I was in Florida. And it turns out I wrote a pretty decent account of that trip ten years ago today.

So read this!

The tl;dr version – I was 17, somehow got permission to take time off school, made it from a small town in Vermont to Florida, and saw the last Saturn V launch when Skylab launched on May 14, 1973.

It was quite the adventure. You know how they say you learn to make good decisions by living through the bad decisions you make? That trip was FULL of bad decisions, and decisions made out of ignorance. But it was spectacular, definitely changed my life.

Apollo Command-Service Module (CSM) training simulator, seen on the Kennedy Space Center tour a day or two before the launch.

The Saturn IB up on stilts to use the Saturn V launch pad, with the Apollo capsule that would take the Skylab I crew up. It was supposed to launch the next day, but due to the damage the Skylab took on launch it took eleven days of desperate work to figure out how to save the mission and prepare for the rescue. The Skylab I crew launched on May 25th, but I was back in high school in Vermont by that time.

The final Saturn V, with the Skylab spacecraft on top.

In some ways for me, the most simple but amazing fact is that in 50 years I’ve never been back to KSC to see the new museums, the space shuttle Atlantis, or a launch.
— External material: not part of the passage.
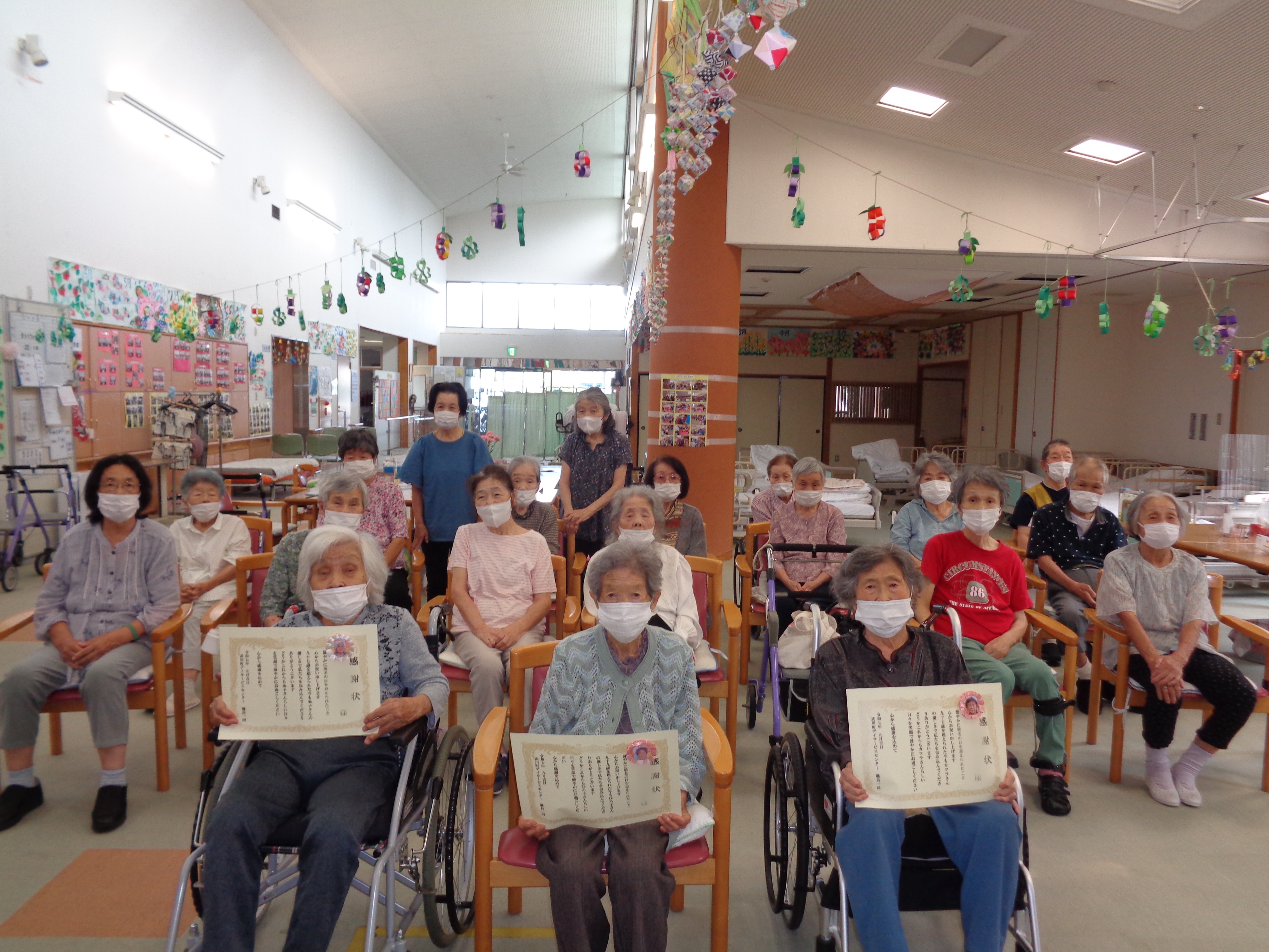 敬老の日に合わせて敬老会を行い、95歳以上の利用者様に感謝状を贈呈いたしました。

I’ve been to five NASA Socials (see that “search” box?), I’ve finally seen a launch out of Vandenberg, I’ve been to the National Air & Space Museum in Washington, to the associated Udvar-Hazy museum at Dulles, to a ton of air shows, flown in P-51 Mustangs and a B-25 and a B-29 and done aerobatics in an SNJ and a bunch of other planes with the CAF, and even got my own pilot’s license (gotta get current and get flying again, but that’s a different rant)… But I’ve never been back to KSC.

It can’t be that hard to see a launch these days, SpaceX is launching about once a week or more, ULA has the Vulcan coming online soon and they’re still launching the last of the Atlas missions, Blue Origin is getting ready to go orbital soon.

Gotta fix that. Soon.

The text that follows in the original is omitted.